Atomic values could be identified by <=> and </=> and the same default value applied to its type attribute:

<χ:data-model>
    <{>
        <@sales>
            <{>
                <@1 keyType="number">
                    <{>
                        <@lastName>
                            <=>Green</=>
                        </@lastName>
                        <@age>
                            <= type="number">27</=>
                        </@age>
                        <@firstName>
                            <=>Sally</=>
                        </@firstName>
                    </}>
                </@1>
                <@2 keyType="number">
                    <{>
                        <@lastName>
                            <=>Galley</=>
                        </@lastName>
                        <@age>
                            <= type="number">41</=>
                        </@age>
                        <@firstName>
                            <=>Jim</=>
                        </@firstName>
                    </}>
                </@2>
            </}>
        </@sales>
        <@accounting>
            <{>
                <@1 keyType="number">
                    <{>
                        <@lastName>
                            <=>Doe</=>
                        </@lastName>
                        <@age>
                            <= type="number">23</=>
                        </@age>
                        <@firstName>
                            <=>John</=>
                        </@firstName>
                    </}>
                </@1>
                <@2 keyType="number">
                    <{>
                        <@lastName>
                            <=>Smith</=>
                        </@lastName>
                        <@age>
                            <= type="number">32</=>
                        </@age>
                        <@firstName>
                            <=>Mary</=>
                        </@firstName>
                    </}>
                </@2>
            </}>
        </@accounting>
    </}>
</χ:data-model>

The tags that surround atomic values are useful when these values are within a sequence but look superfluous when the item has a single value. The next step could be to define that in that case as a shortcut the value and its type attribute could be directly included in the item:

<χ:data-model>
    <{>
        <@sales>
            <{>
                <@1 keyType="number">
                    <{>
                        <@lastName>Green</@lastName>
                        <@age type="number">27</@age>
                        <@firstName>Sally</@firstName>
                    </}>
                </@1>
                <@2 keyType="number">
                    <{>
                        <@lastName>Galley</@lastName>
                        <@age type="number">41</@age>
                        <@firstName>Jim</@firstName>
                    </}>
                </@2>
            </}>
        </@sales>
        <@accounting>
            <{>
                <@1 keyType="number">
                    <{>
                        <@lastName>Doe</@lastName>
                        <@age type="number">23</@age>
                        <@firstName>John</@firstName>
                    </}>
                </@1>
                <@2 keyType="number">
                    <{>
                        <@lastName>Smith</@lastName>
                        <@age type="number">32</@age>
                        <@firstName>Mary</@firstName>
                    </}>
                </@2>
            </}>
        </@accounting>
    </}>
</χ:data-model>

XPath

The χίμαιραλ serialization being XML, it is possible to use XPath path expressions to query its structure. For instance, to get a list of employees which are less than 30, we can

write:

χ:map/χ:entry/χ:map/χ:entry/χ:map[χ:entry[@key='age'][χ:atomic-value < 30]]
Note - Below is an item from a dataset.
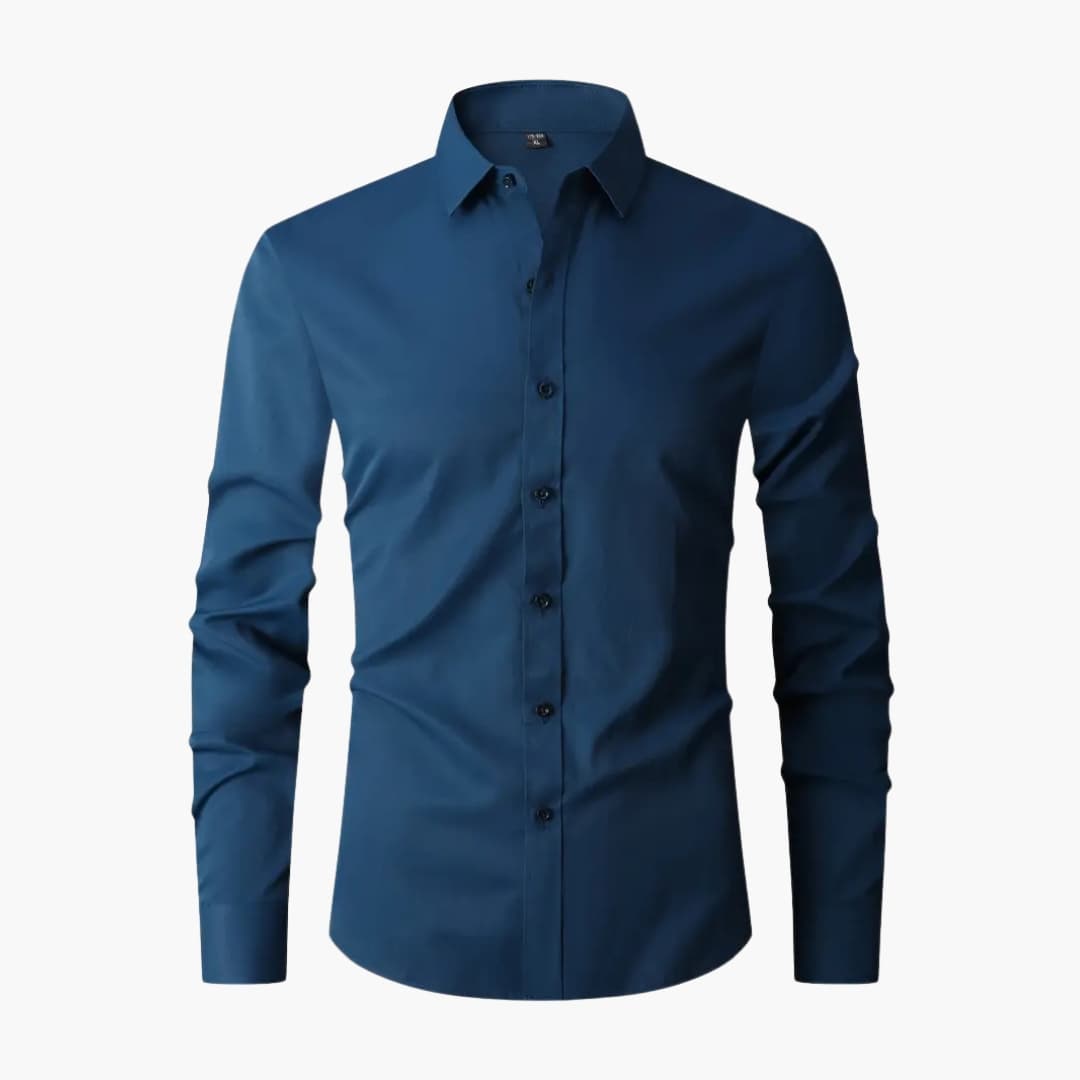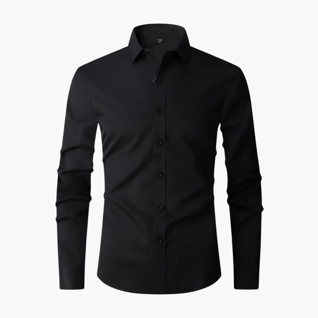 This men’s shirt features a structured collar and a continuous button placket down to the hem. Long sleeves end in straight cuffs. The straight hem provides a defined finish. A simple, woven surface ensures a uniform, consistent appearance across all areas.

Or, if we’re feeling lucky:

//χ:map[χ:entry[@key='age'][χ:atomic-value < 30]]

Again, that’s good as long we work on a χίμαιραλ serialization but it would be good to be able to use path expressions directly on map data structures. To do so we would need at minima to define steps to match maps and entries.
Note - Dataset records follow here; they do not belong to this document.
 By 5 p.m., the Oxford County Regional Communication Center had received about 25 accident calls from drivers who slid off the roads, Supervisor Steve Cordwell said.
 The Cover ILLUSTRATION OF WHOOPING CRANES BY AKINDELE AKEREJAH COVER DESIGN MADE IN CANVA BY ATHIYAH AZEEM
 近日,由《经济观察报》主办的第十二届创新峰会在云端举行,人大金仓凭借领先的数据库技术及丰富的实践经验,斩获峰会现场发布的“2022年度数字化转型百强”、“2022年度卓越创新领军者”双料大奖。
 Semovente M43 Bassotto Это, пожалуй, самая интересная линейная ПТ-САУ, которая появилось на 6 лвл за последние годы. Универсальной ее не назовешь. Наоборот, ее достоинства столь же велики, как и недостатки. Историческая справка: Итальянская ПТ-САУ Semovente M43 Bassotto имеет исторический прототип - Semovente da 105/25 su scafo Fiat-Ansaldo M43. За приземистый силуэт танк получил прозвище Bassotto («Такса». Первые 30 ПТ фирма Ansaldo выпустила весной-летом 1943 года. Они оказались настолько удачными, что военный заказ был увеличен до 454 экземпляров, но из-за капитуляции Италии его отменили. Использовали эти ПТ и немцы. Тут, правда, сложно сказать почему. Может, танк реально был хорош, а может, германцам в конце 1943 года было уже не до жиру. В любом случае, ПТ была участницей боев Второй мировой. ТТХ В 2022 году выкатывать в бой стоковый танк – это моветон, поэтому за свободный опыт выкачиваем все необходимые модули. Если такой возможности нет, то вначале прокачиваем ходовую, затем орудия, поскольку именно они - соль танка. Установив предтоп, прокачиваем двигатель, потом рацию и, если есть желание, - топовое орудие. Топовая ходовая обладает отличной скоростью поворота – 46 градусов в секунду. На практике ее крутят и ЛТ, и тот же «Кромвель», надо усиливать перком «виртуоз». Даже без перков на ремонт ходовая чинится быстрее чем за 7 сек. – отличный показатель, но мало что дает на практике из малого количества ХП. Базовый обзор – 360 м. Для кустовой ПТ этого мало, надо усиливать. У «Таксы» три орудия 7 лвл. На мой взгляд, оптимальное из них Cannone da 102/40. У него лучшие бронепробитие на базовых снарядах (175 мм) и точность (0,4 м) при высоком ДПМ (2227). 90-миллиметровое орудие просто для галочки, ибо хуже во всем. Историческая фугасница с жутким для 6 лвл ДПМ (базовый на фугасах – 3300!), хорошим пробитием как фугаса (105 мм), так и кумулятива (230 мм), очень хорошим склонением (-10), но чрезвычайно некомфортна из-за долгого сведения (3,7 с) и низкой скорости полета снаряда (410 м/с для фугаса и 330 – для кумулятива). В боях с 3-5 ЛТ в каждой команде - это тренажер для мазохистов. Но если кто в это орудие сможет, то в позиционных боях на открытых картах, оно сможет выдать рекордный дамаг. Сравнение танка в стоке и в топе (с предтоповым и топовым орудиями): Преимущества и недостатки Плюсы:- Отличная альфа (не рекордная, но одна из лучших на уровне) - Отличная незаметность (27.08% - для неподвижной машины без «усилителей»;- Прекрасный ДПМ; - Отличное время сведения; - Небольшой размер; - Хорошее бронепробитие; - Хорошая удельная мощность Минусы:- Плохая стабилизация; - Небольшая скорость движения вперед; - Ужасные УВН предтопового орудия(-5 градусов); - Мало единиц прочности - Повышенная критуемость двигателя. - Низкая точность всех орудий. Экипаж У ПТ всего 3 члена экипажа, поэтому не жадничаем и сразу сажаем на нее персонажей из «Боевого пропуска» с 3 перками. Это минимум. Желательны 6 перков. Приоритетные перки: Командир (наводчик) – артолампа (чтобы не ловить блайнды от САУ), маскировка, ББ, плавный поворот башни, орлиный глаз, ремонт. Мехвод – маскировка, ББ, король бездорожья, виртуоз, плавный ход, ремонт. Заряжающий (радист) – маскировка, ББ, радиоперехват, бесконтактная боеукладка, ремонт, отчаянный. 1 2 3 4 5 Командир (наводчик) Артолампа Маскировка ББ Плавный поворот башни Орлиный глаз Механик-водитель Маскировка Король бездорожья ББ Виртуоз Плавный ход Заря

XSLT 3.0 introduces a new map() item type which could be used as a kind test to identify maps.

If we follow the idea that map entries are similar to XML attributes, we could use the @ notation to identify them. The XPath expression would then become:

map()/@*/map()/@*/map()[@age < 30]]

Or, if we’re feeling lucky:

//map()[@age < 30]]

Validation

These data models can be complex. Wouldn’t it be useful to be able to validate them with schema languages? This would give us a way to validate JSON maps!

Of course we can already serialize them in χίμαιραλ and validate the serialization using any schema language, but again it would be good to be able to validate these structures directly.
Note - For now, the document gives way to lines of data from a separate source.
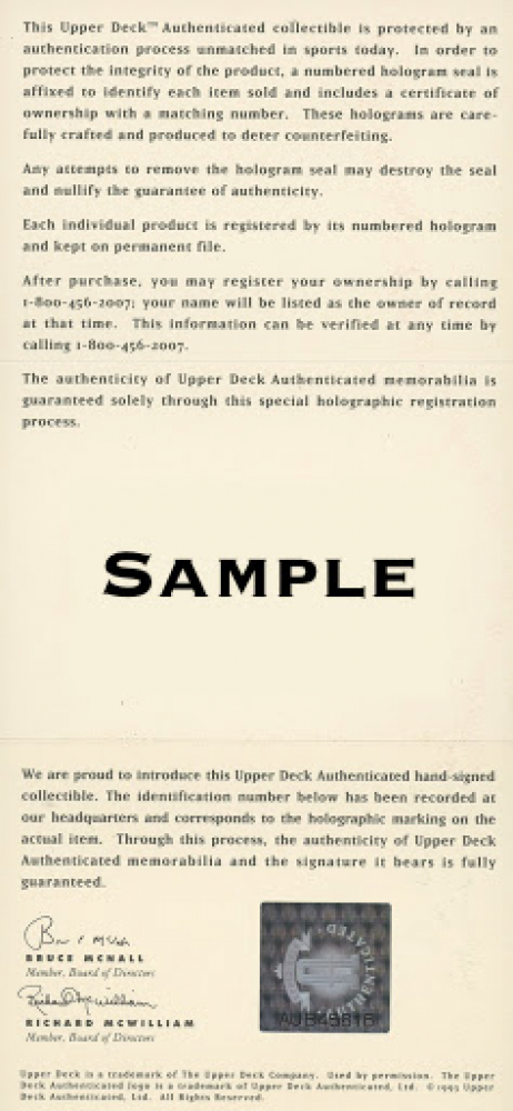 The lot / autograph(s) includes an official Upper Deck Authenticated (UDA) hologram and matching COA for authenticity purposes.
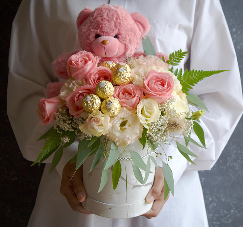 Beautiful things happen when sweet meets cuddly. Surprise your Valentine with an arrangement of our pink roses and champagne eustomas, paired with an adorable plush teddy bear and Ferrero Rocher chocolates.
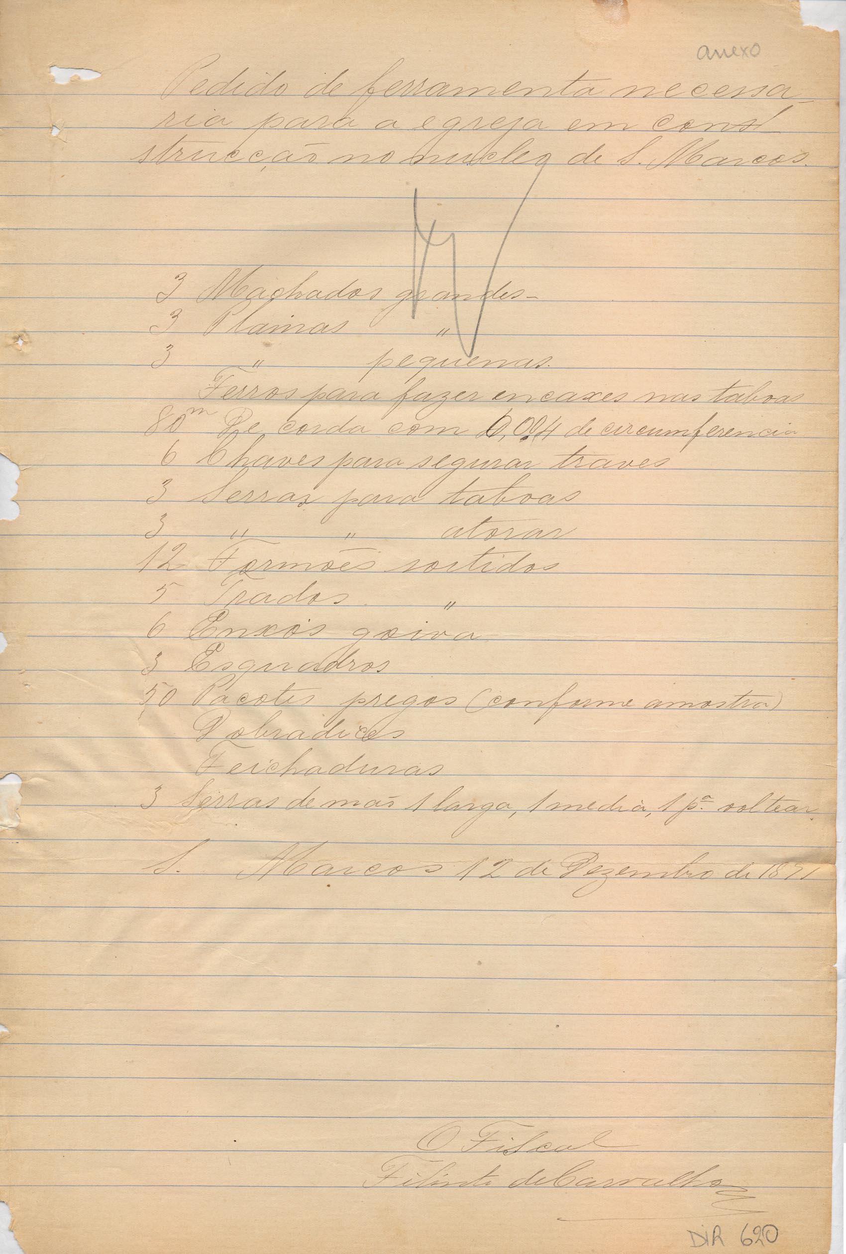 De Filinto de Carvalho - Fiscal da Comissão em São Marcos. Assunto: pedido de ferramentas necessárias para a construção da Igreja no núcleo de São Marcos.

A RELAX NG schema to validate the χίμαιραλ serialization of our example would be:

namespace χ = "http://χίμαιραλ.com#"

start = element χ:data-model { top-level-map }

# Top level map: departments
top-level-map =
    element χ:map {
        element χ:entry {
            attribute key { xsd:NMTOKEN },
            attribute keyType { "string" },
            emp-array
        }*
    }

# List of employees
emp-array =
    element χ:map {
        element χ:entry {
            attribute key { xsd:positiveInteger },
            attribute keyType { "number" },
            emp-map
        }*
    }

# Description of an employee
emp-map = element χ:map { (age | firstName | lastName) + }

age =
    element χ:entry {
        attribute key { "age" },
        attribute keyType { "string" },
        element χ:atomic-value {
            attribute type { "number" },
            xsd:positiveInteger
        }
    }

firstName =
    element χ:entry {
        attribute key { "firstName" },
        attribute keyType { "string" },
        element χ:atomic-value {
            attribute type { "string" },
            xsd:token
        }
    }

lastName =
    element χ:entry {
        attribute key { "lastName" },
        attribute keyType { "string" },
        element χ:atomic-value {
            attribute type { "string" },
            xsd:token
        }
    }
A note Note
In the description of the maps used to describe employees, we cannot use interleave patterns because of the restriction on interleave and the schema is approximate. In this specific case, we could

enumerate the six possible combinations but the exercise would quickly become verbose if the number of items

grew:

emp-map = element χ:map { 
      (age, firstName, lastName)  
    | (age, lastName, firstName) 
    | (firstName, age, lastName)  
    | (firstName, lastName, age) 
    | (lastName, age, firstName)  
    | (lastName, firstName, age) 
}

A Schematron schema for the χίμαιραλ serialization could be developed based on XPath expressions similar to those that have been shown in the previous section.

Again, it would be interesting to support maps directly as first class citizens in XML schema languages.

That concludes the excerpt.